Records for processing:

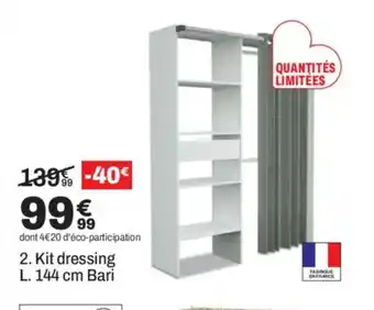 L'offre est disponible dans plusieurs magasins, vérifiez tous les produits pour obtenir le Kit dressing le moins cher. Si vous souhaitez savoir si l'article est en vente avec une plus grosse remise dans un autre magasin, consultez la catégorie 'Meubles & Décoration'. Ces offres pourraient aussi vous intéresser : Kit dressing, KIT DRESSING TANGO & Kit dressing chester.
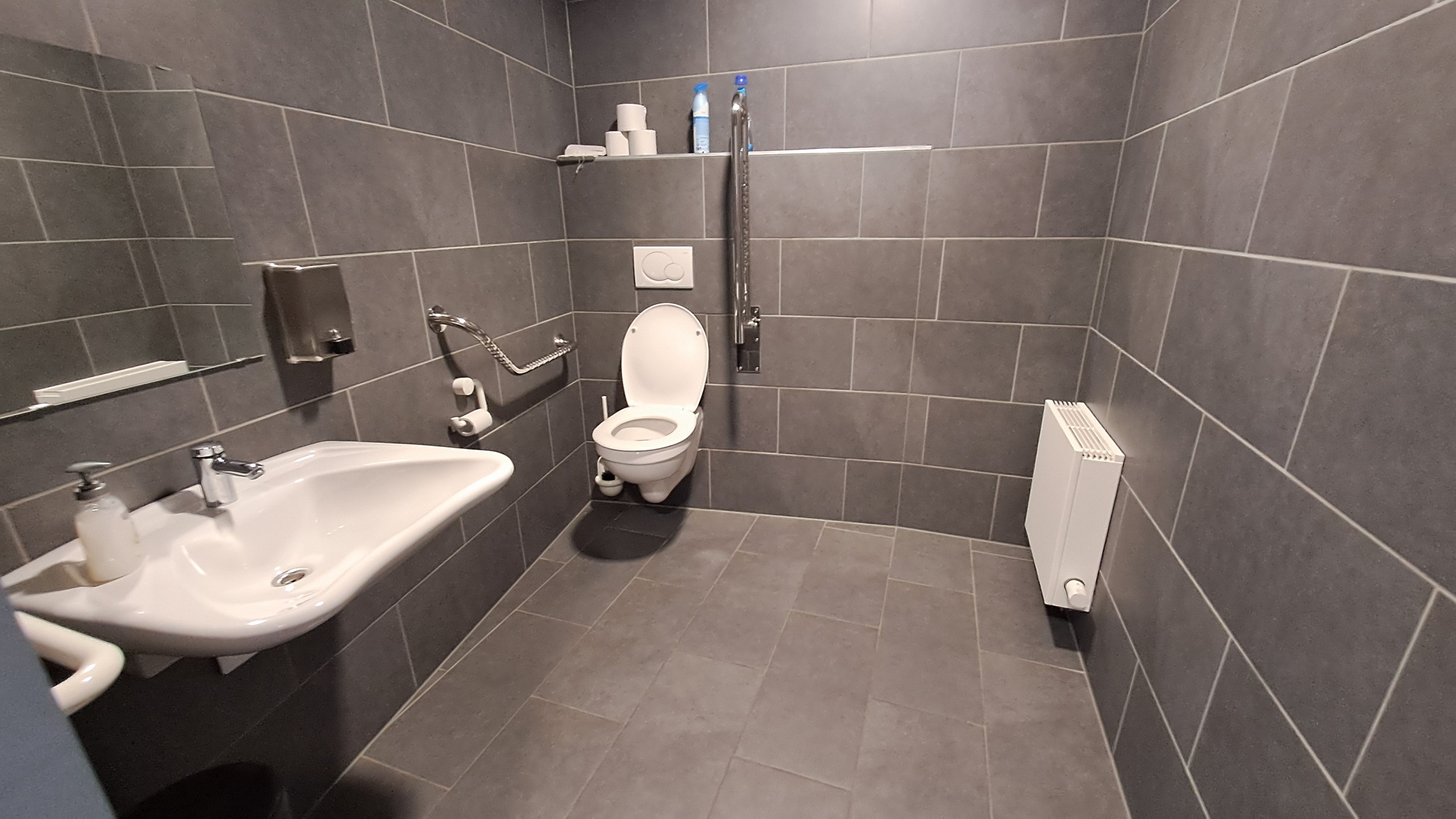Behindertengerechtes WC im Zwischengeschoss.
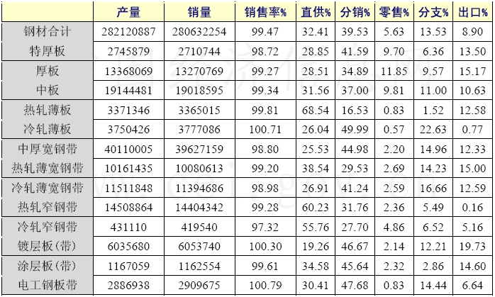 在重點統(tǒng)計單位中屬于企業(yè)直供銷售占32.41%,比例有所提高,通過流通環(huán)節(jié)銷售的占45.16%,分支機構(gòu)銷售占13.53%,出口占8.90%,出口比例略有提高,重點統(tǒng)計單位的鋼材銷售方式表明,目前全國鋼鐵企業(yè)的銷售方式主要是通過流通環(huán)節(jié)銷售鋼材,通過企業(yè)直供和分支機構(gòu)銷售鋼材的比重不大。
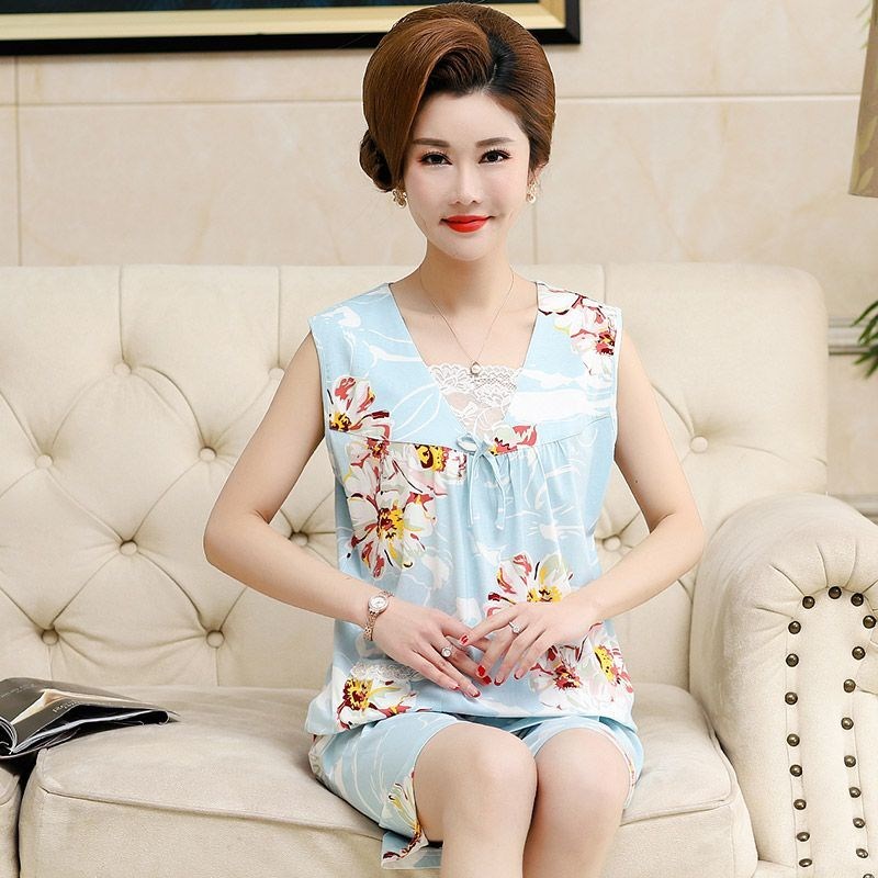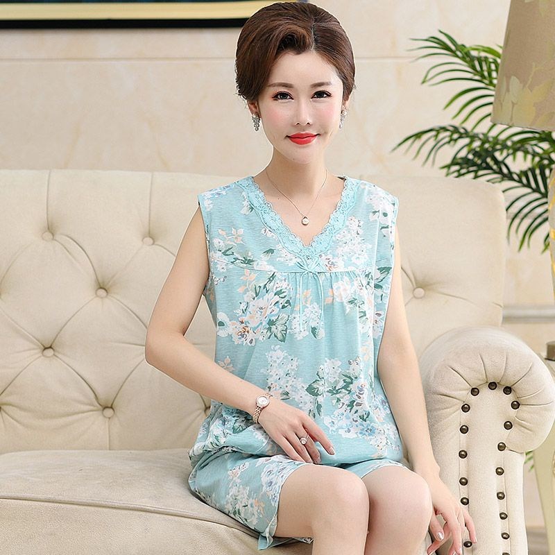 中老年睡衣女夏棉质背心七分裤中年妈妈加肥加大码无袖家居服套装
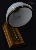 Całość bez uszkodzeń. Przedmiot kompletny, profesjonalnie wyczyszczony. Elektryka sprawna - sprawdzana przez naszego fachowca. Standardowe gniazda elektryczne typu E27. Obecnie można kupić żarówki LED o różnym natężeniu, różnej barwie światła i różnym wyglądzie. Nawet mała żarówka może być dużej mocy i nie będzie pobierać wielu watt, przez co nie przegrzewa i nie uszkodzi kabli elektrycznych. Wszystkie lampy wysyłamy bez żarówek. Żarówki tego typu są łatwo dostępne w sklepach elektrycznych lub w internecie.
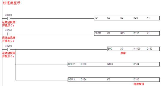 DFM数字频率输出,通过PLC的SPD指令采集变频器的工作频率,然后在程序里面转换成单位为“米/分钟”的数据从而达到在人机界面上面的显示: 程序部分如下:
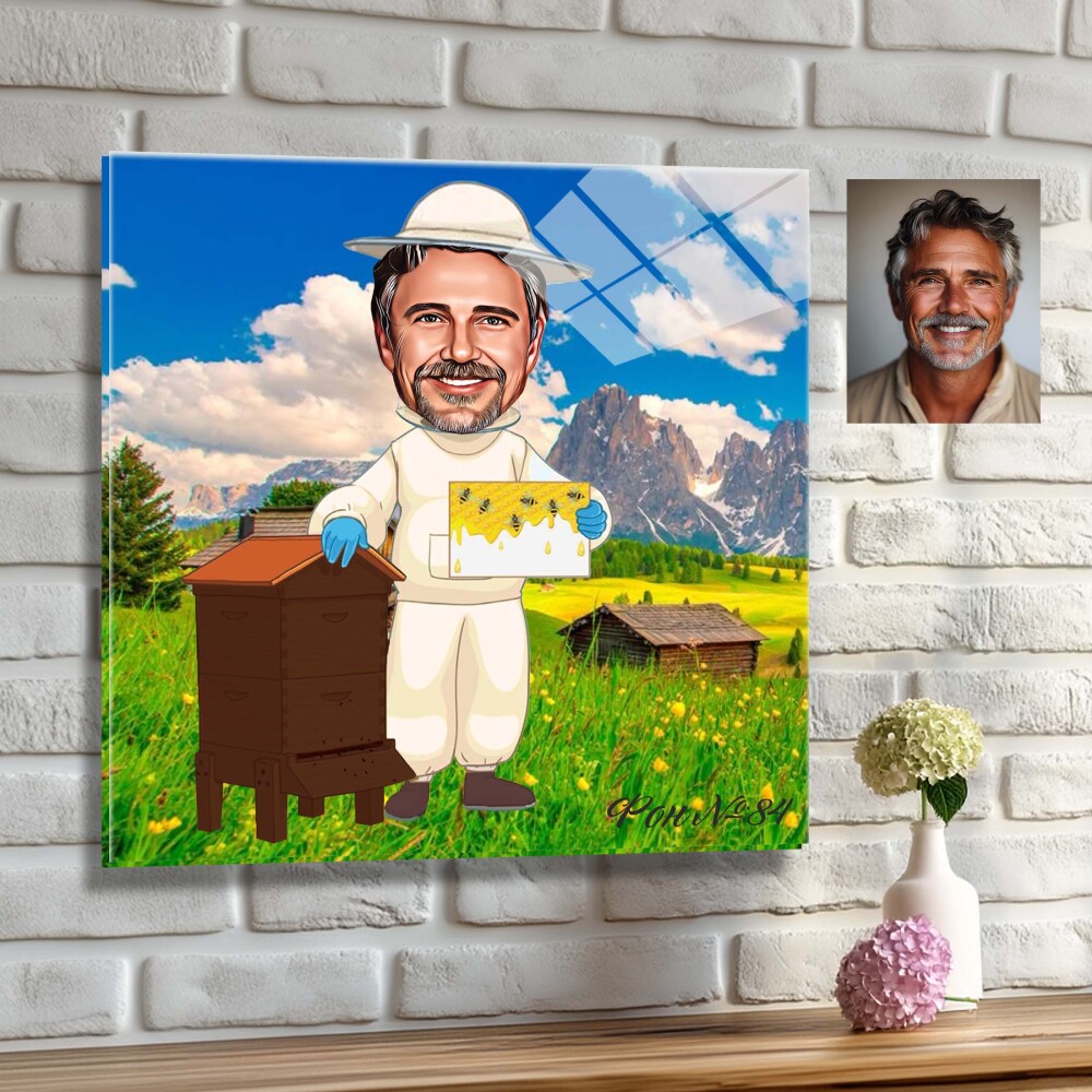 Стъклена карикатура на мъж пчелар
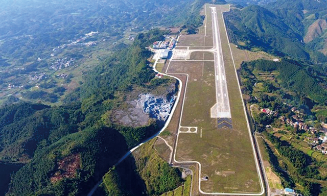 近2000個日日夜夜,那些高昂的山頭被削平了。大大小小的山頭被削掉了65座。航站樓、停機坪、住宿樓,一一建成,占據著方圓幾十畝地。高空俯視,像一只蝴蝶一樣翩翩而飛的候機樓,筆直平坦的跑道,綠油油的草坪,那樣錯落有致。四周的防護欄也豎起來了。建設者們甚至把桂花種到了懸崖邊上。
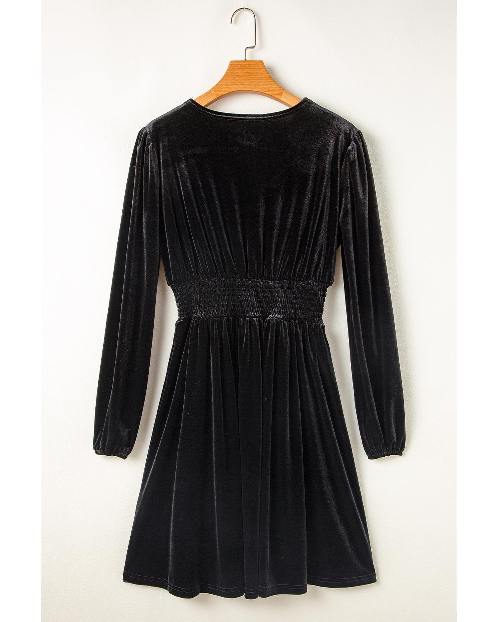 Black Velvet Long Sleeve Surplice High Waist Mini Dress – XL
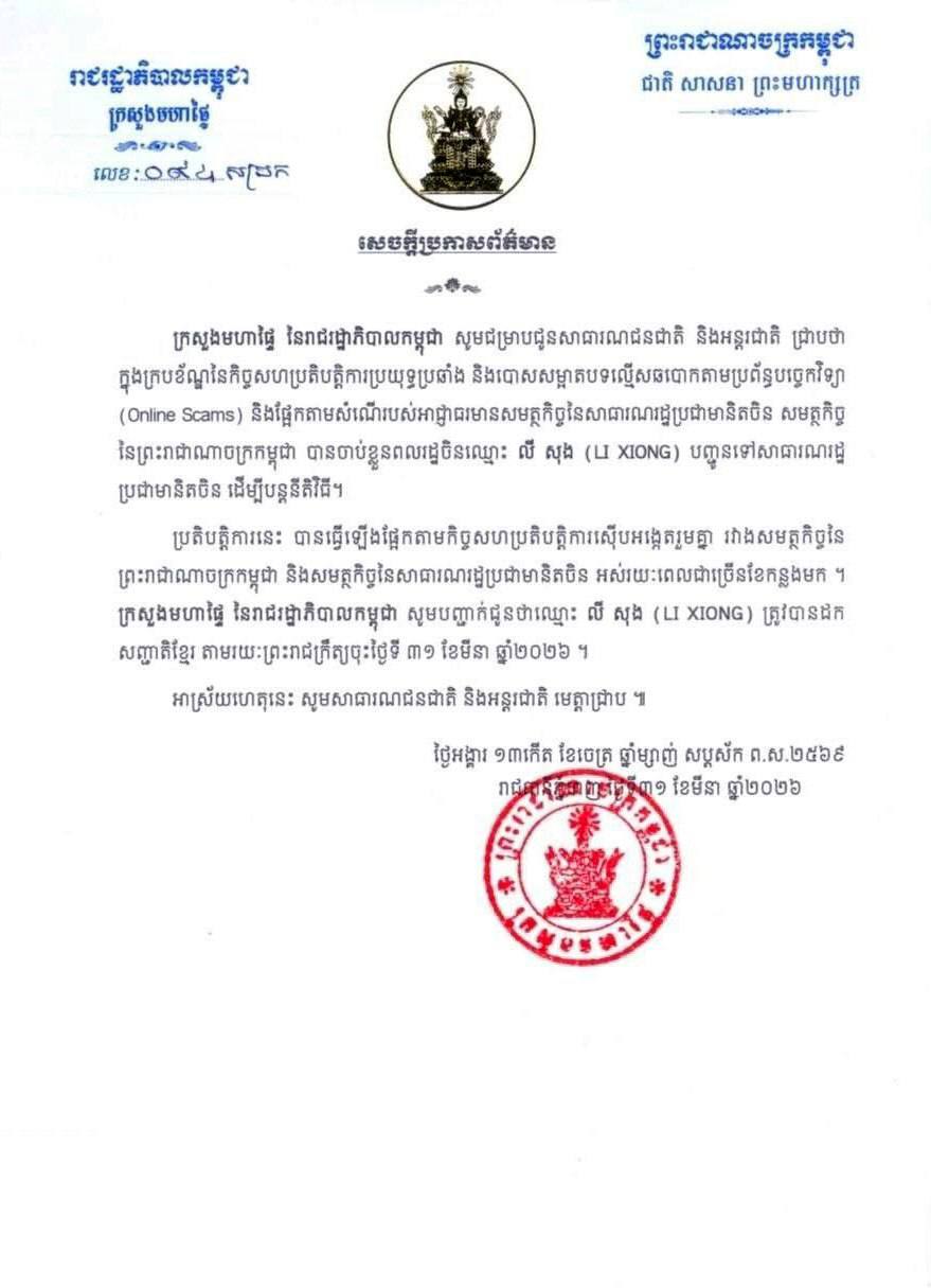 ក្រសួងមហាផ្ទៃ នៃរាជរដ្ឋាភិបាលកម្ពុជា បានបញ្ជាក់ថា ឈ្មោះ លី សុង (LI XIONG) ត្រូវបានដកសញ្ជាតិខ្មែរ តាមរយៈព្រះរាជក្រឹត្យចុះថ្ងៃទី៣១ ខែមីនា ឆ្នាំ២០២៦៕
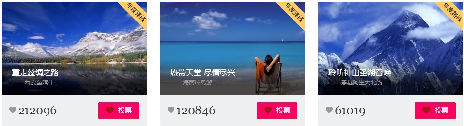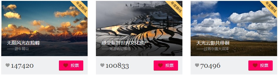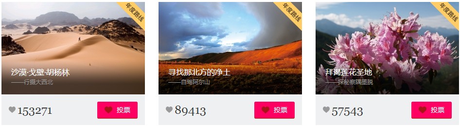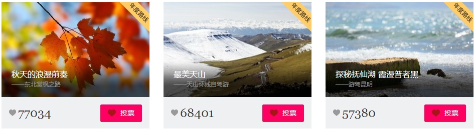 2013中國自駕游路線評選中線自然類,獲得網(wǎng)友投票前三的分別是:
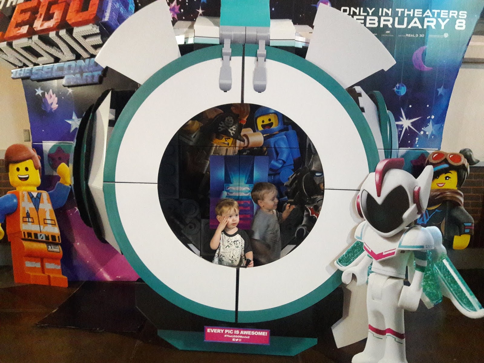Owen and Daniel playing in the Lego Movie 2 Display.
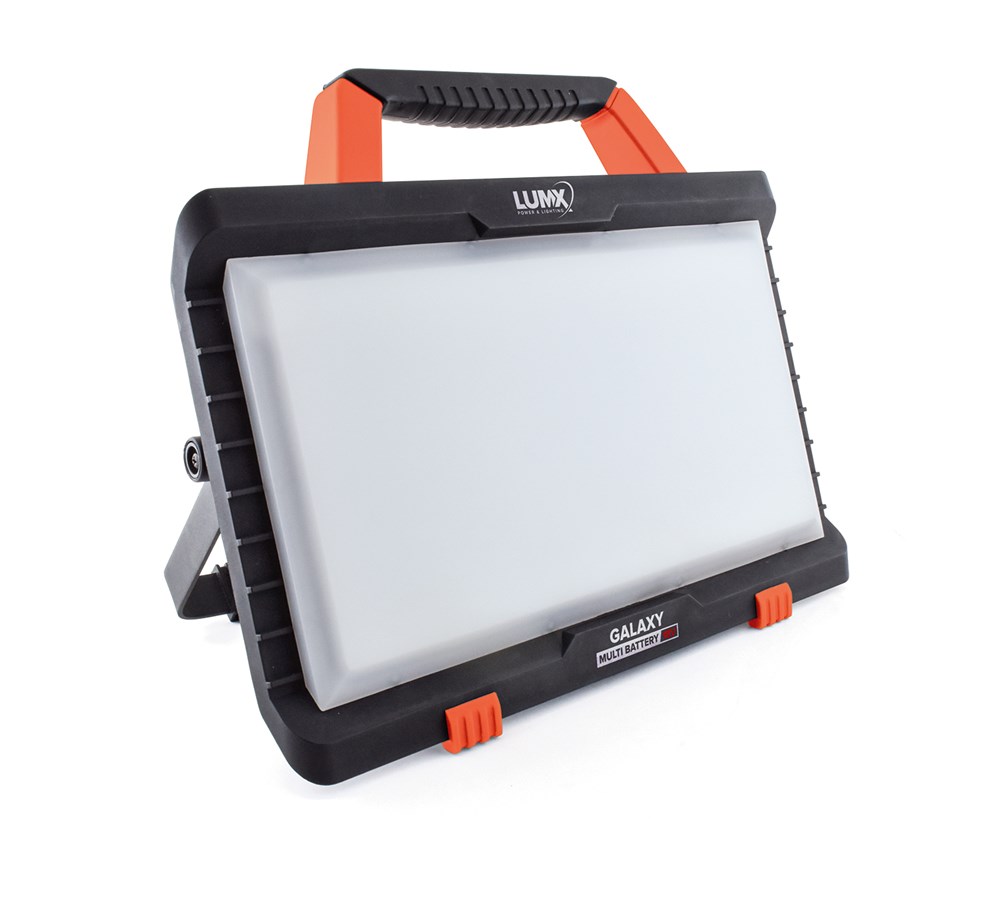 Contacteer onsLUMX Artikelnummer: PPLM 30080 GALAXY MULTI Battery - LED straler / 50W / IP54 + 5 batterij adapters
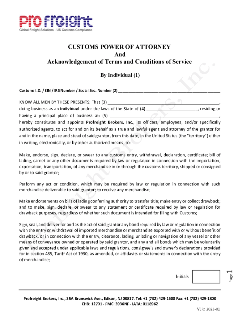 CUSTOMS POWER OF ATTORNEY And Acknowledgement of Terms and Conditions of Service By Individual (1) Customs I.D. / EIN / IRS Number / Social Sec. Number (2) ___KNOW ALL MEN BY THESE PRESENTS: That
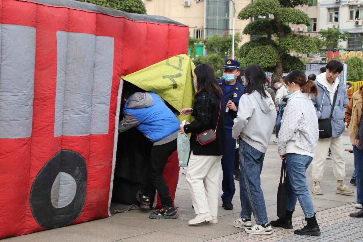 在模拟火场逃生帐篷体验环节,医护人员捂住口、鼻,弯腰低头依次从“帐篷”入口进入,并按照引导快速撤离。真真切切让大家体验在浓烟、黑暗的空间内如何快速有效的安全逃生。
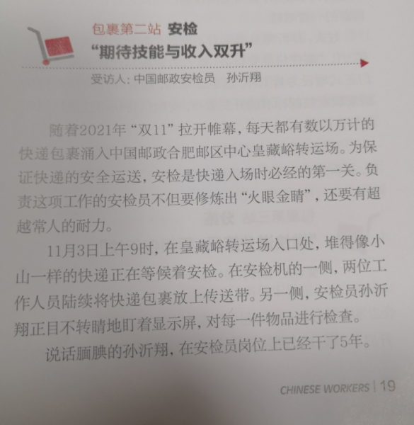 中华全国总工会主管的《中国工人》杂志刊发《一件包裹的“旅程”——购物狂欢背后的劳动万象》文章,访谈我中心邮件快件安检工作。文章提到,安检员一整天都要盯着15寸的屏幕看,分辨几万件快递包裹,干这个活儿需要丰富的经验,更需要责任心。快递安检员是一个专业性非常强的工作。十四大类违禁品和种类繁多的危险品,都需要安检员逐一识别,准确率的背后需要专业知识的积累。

What you should do: Could you write out exactly the lines of the data above that run from the one holding "中老年睡衣女夏棉质背心七分裤中年妈妈加肥加大码无袖家居服套装" to the one holding "近2000個日日夜夜,那些高", with both ends in and all pictures out?

Answer to this problem:
 中老年睡衣女夏棉质背心七分裤中年妈妈加肥加大码无袖家居服套装
 Całość bez uszkodzeń. Przedmiot kompletny, profesjonalnie wyczyszczony. Elektryka sprawna - sprawdzana przez naszego fachowca. Standardowe gniazda elektryczne typu E27. Obecnie można kupić żarówki LED o różnym natężeniu, różnej barwie światła i różnym wyglądzie. Nawet mała żarówka może być dużej mocy i nie będzie pobierać wielu watt, przez co nie przegrzewa i nie uszkodzi kabli elektrycznych. Wszystkie lampy wysyłamy bez żarówek. Żarówki tego typu są łatwo dostępne w sklepach elektrycznych lub w internecie.
 DFM数字频率输出,通过PLC的SPD指令采集变频器的工作频率,然后在程序里面转换成单位为“米/分钟”的数据从而达到在人机界面上面的显示: 程序部分如下:
 Стъклена карикатура на мъж пчелар
 近2000個日日夜夜,那些高昂的山頭被削平了。大大小小的山頭被削掉了65座。航站樓、停機坪、住宿樓,一一建成,占據著方圓幾十畝地。高空俯視,像一只蝴蝶一樣翩翩而飛的候機樓,筆直平坦的跑道,綠油油的草坪,那樣錯落有致。四周的防護欄也豎起來了。建設者們甚至把桂花種到了懸崖邊上。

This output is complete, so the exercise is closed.